Available data Start Marker

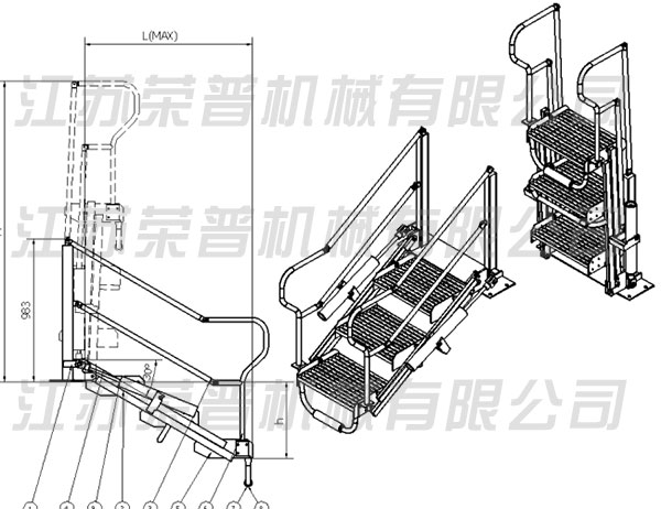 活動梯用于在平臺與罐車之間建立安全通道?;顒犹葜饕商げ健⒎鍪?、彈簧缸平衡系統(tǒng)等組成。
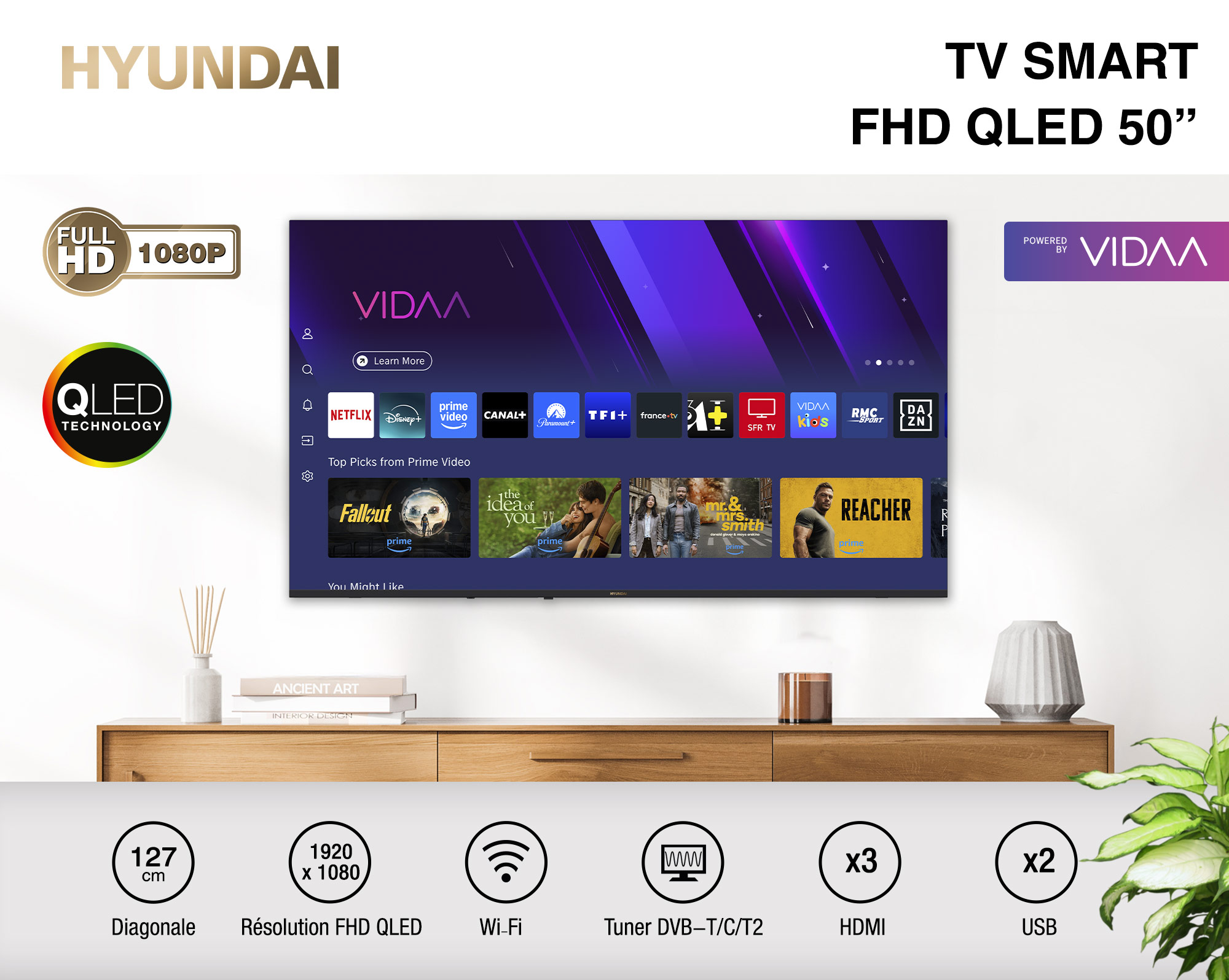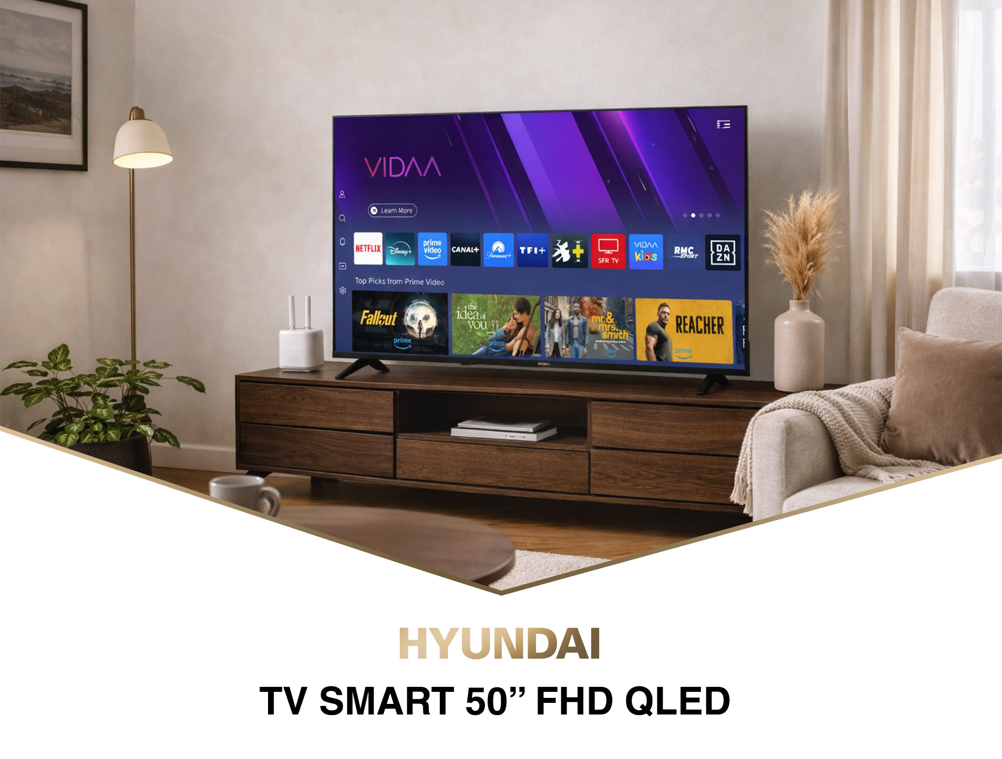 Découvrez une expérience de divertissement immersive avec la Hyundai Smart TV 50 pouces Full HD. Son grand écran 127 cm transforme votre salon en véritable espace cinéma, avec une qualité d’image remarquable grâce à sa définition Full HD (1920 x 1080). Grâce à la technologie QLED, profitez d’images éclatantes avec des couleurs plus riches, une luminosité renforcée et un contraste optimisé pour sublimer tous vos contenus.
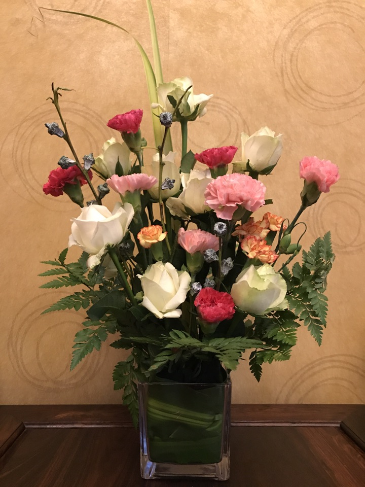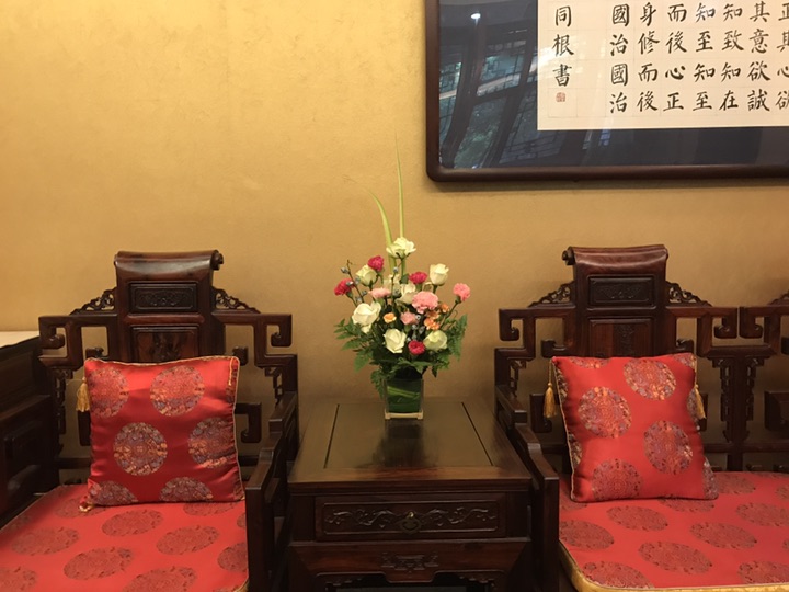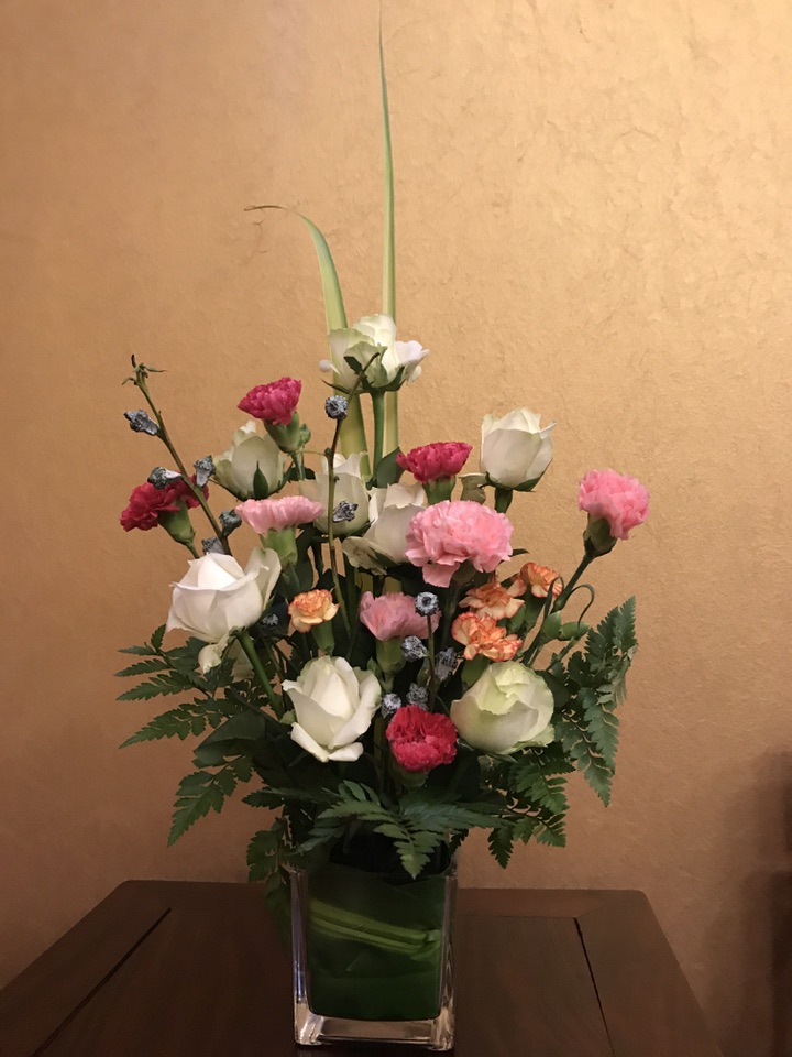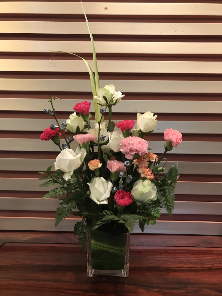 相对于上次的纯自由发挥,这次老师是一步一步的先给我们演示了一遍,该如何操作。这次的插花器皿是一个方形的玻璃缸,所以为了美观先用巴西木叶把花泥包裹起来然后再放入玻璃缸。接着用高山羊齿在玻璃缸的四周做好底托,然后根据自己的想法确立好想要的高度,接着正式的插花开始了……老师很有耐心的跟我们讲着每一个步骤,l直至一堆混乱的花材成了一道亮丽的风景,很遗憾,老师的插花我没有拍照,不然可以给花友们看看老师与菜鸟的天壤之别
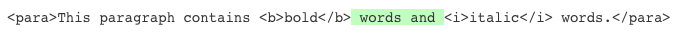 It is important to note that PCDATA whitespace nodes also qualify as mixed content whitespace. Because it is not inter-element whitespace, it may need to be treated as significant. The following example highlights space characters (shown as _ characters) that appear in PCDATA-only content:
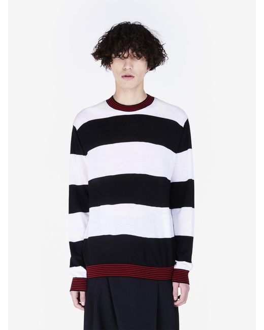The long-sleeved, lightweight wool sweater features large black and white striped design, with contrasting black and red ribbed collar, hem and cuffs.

Available data End Marker

Description of the task — Copy exactly and only this span: the line with "It is important" through the final line of the entries, both ends included, with the pictures left out.

Solved exercise —
 It is important to note that PCDATA whitespace nodes also qualify as mixed content whitespace. Because it is not inter-element whitespace, it may need to be treated as significant. The following example highlights space characters (shown as _ characters) that appear in PCDATA-only content:
The long-sleeved, lightweight wool sweater features large black and white striped design, with contrasting black and red ribbed collar, hem and cuffs.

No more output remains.